Diabetes – What is Diabetes?
Diabetes is a serious condition that affects millions of people every year. It happens when the body does not produce enough insulin, or fails to use the insulin that it does have effectively.
Exercise, diet and medication can aid in preventing or reducing the disease. It’s also crucial to be aware of symptoms to know if something is wrong and seek treatment.
What is diabetes?
Diabetes is an ongoing (long-lasting) disease that affects the way your body transforms food into energy. It occurs when your pancreas doesn’t produce enough insulin or isn’t able to use it properly.
Insulin is the hormone that aids your body absorb and use glucose, also referred to as sugar. People suffering from type 2 diabetes don’t produce enough insulin or their bodies don’t use it properly.
In both forms of diabetes, the blood sugar levels are too high over time. This can lead to problems in the feet, eyes, and kidneys. It may also cause damage to the blood vessels in your heart as well as the brain.
Type 1 diabetes
Type 1 diabetes is an autoimmune disorder in which the body’s immune system attacks and destroys insulin-producing cells inside the pancreas. This destruction can occur over many months or even years, eventually resulting in the absence of insulin completely.
Type 1 diabetics must take insulin each day. They must also keep an eye on their blood sugar levels and adjust their insulin, food and activities to keep their blood sugar levels within the normal range.
Type 2 diabetes
If you have type 2 diabetes, your body does not make insulin as it should.

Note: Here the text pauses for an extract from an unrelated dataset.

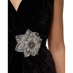 Dolce & Gabbana Black Velvet Flower Embellishment Aline Dress
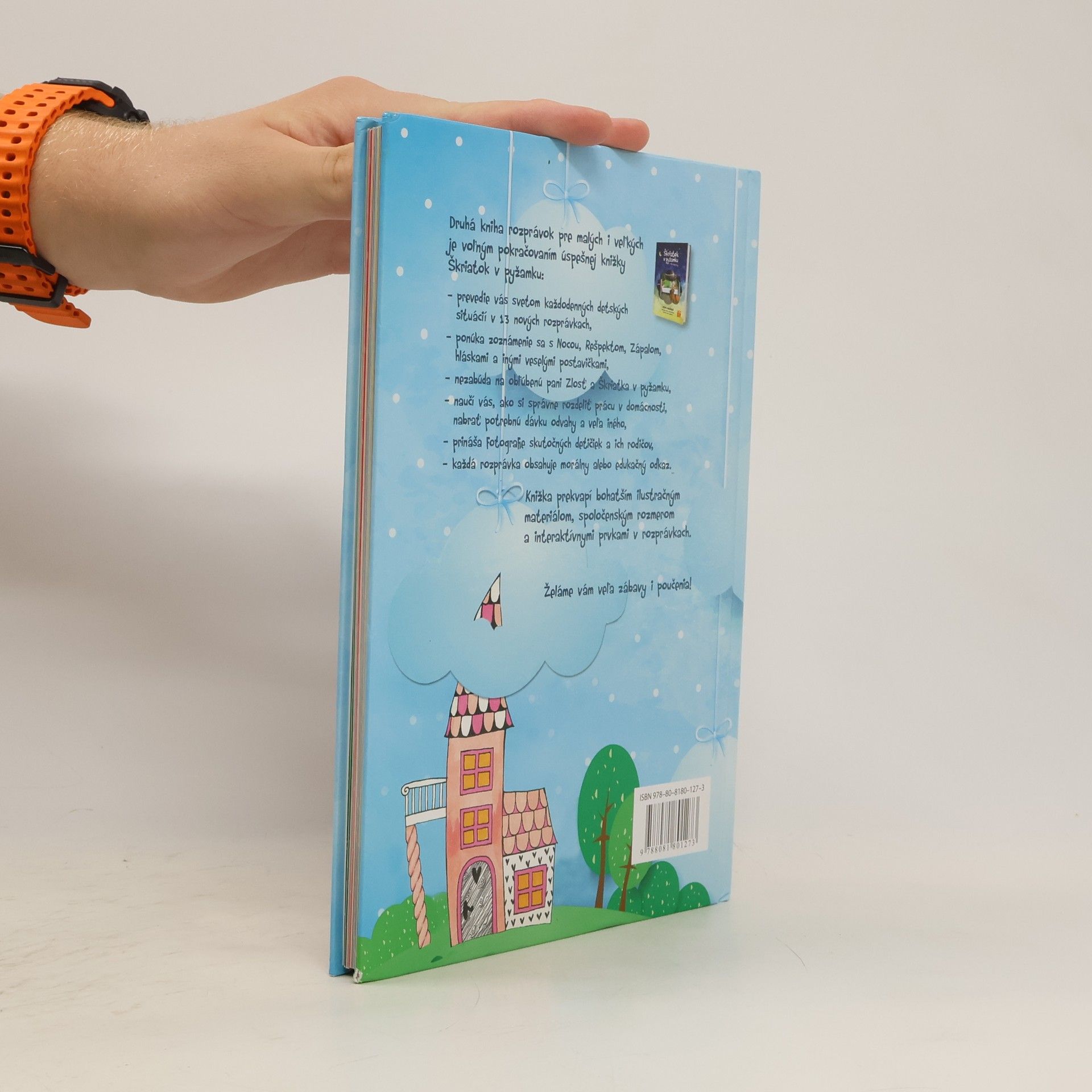 Pani Zlosť sa vracia!Druhá knižka rozprávok pre malých aj veľkých je voľným pokračovaním úspešnej knižky Škriatok v pyžamku. Prevedie vás svetom každodenných detských situácií v 13 nových rozprávkach. Hlavní hrdinovia sa popasujú so zápalom v ušku, s trénovaním výslovnosti hlásky R, s obhrýzaním nechtíkov, s nechuťou podeliť sa o hojdačku s inými deťmi, s nočným vybiehaním z postieľky a s ďalšími detskými trampotami.Knižka je ideálnym návodom pre rodičov na zvládnutie výchovných problémov s vtipom a ľahkosťou. Ponúka zoznámenie sa s Nocou, Rešpektom, bacilmi Helom a Monelou a inými veselými postavičkami. Nezabúda ani na obľúbenú pani Zlosť a Škriatka v pyžamku. Knižka prekvapí bohatším ilustračným materiálom, spoločenským rozmerom a interaktívnymi prvkami v rozprávkach.Knižka je vhodná pre čitateľov od 3 rokov.

Insulin is a hormonal substance that assists your cells in moving glucose (blood sugar) from your blood into your cells which is then used to create energy.
Type 2 diabetics have to exercise and follow a healthy diet. They also may need to take medications to manage their blood sugar levels.
Symptoms of diabetes in women
Diabetes is a chronic disease that affects all races, ethnic groups, ages, and genders. Women are more at risk than males.
Women with diabetes have a higher chance of developing complications than men, such as heart disease (the most commonly reported diabetes complication) and vision loss.
Polydipsia is one of the warning signs for women who suffer from diabetes. This is because diabetes causes excessive sugar to accumulate in the blood, and the kidneys aren’t able remove it correctly.
Men with diabetes Men: Symptoms
Diabetes is a condition in which cells are unable to use glucose (blood sugar) as energy. This is typically because the pancreas doesn’t produce enough insulin.
This can result in high blood glucose levels. Your body then attempts to lower these levels by flushing excess glucose from your bloodstream through urine.
People who have diabetes often are thirsty and have to drink large amounts of fluids, up to 4 liters a day.
Men may also lose weight since their bodies rely on muscles to generate energy, not fat. This is due to the fact that their blood sugar levels remain high for long periods of time.
The development of a healthy diabetes diet is a crucial aspect of managing your condition. It can help you control blood sugar, control your weight, and reduce the risk of developing heart disease.
It is important to include whole foods in your diet, including fruits, vegetables, and whole grains. Also, dairy products that are low in fat products and legumes are a good choice. It should be free of saturated (unhealthy) fat and added sugars.
You might also consider limiting the amount of sugar-sweetened beverages you consume. These drinks are often high in sugar which can cause blood sugar levels to rise.
Your doctor may prescribe diabetes medication to keep your blood sugar (glucose) levels within an acceptable range. These medications are typically used with lifestyle changes like eating habits and exercise to manage your diabetes.
If your blood sugar levels are not being managed well with one medicine, you may need to take a different medication. Your doctor will help you pick the best medication for your preferences and needs.
Newer medicines, such as sodium-glucose-cotransporter-2 inhibitors and glucagon like antagonists of the peptide-1 receptor, reduce blood sugar levels and provide benefits for the kidneys and cardiovascular system, as well as decreasing the chance of developing complications. They are also beneficial for weight loss and are available in injectable and tablet forms.